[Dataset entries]
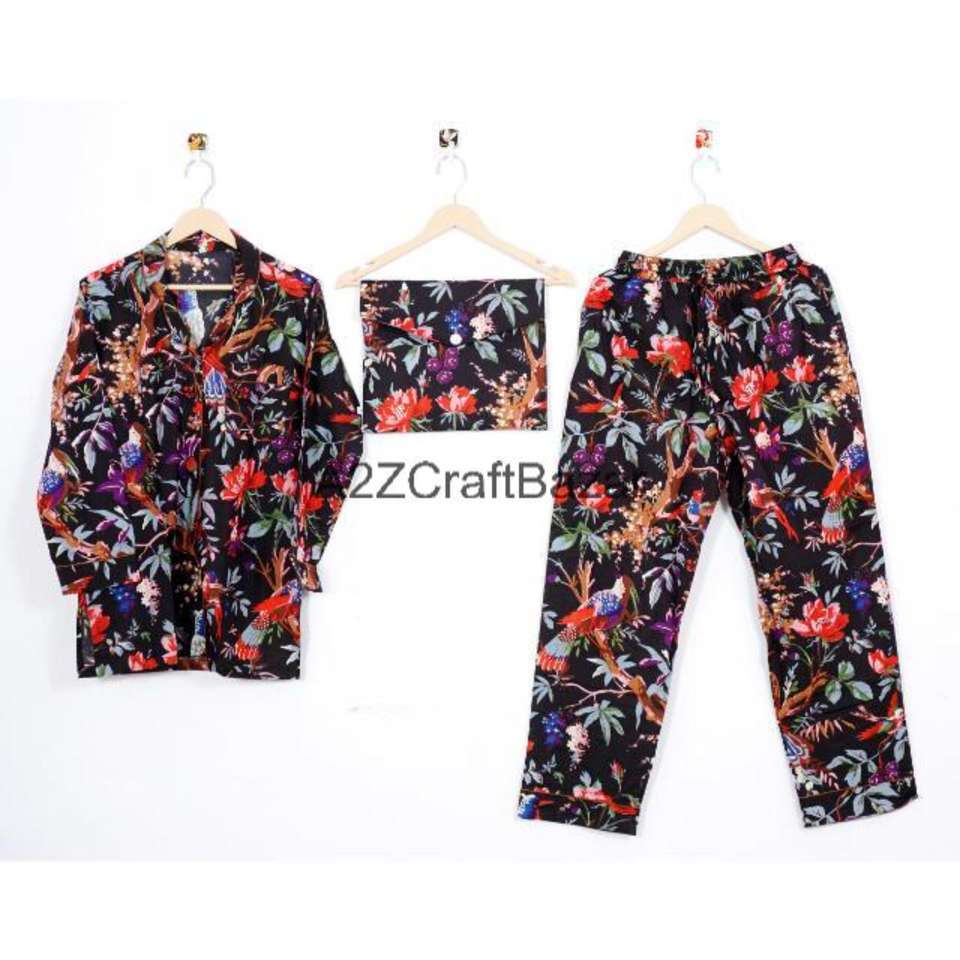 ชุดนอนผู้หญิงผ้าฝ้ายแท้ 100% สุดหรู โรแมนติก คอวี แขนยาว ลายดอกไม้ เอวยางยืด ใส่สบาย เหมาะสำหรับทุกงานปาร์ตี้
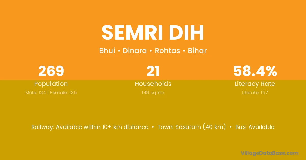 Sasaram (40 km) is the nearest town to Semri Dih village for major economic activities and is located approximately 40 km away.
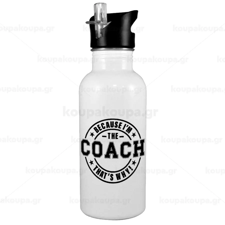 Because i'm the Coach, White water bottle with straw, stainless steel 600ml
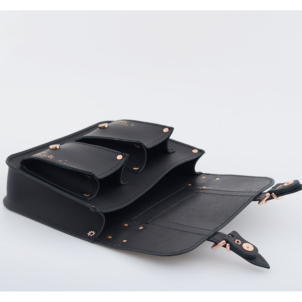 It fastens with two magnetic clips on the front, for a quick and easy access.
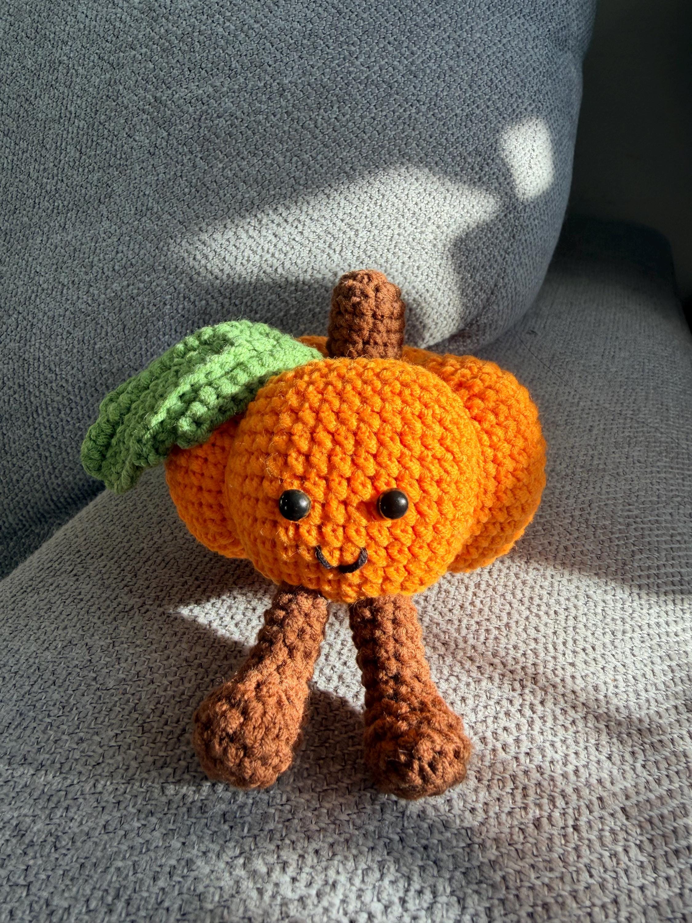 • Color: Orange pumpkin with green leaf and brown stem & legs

• **Exercise aim**
The answer is the full set of records printed exactly, less the pictures.

• **Solution to this exercise**
 ชุดนอนผู้หญิงผ้าฝ้ายแท้ 100% สุดหรู โรแมนติก คอวี แขนยาว ลายดอกไม้ เอวยางยืด ใส่สบาย เหมาะสำหรับทุกงานปาร์ตี้
 Sasaram (40 km) is the nearest town to Semri Dih village for major economic activities and is located approximately 40 km away.
 Because i'm the Coach, White water bottle with straw, stainless steel 600ml
 It fastens with two magnetic clips on the front, for a quick and easy access.
 • Color: Orange pumpkin with green leaf and brown stem & legs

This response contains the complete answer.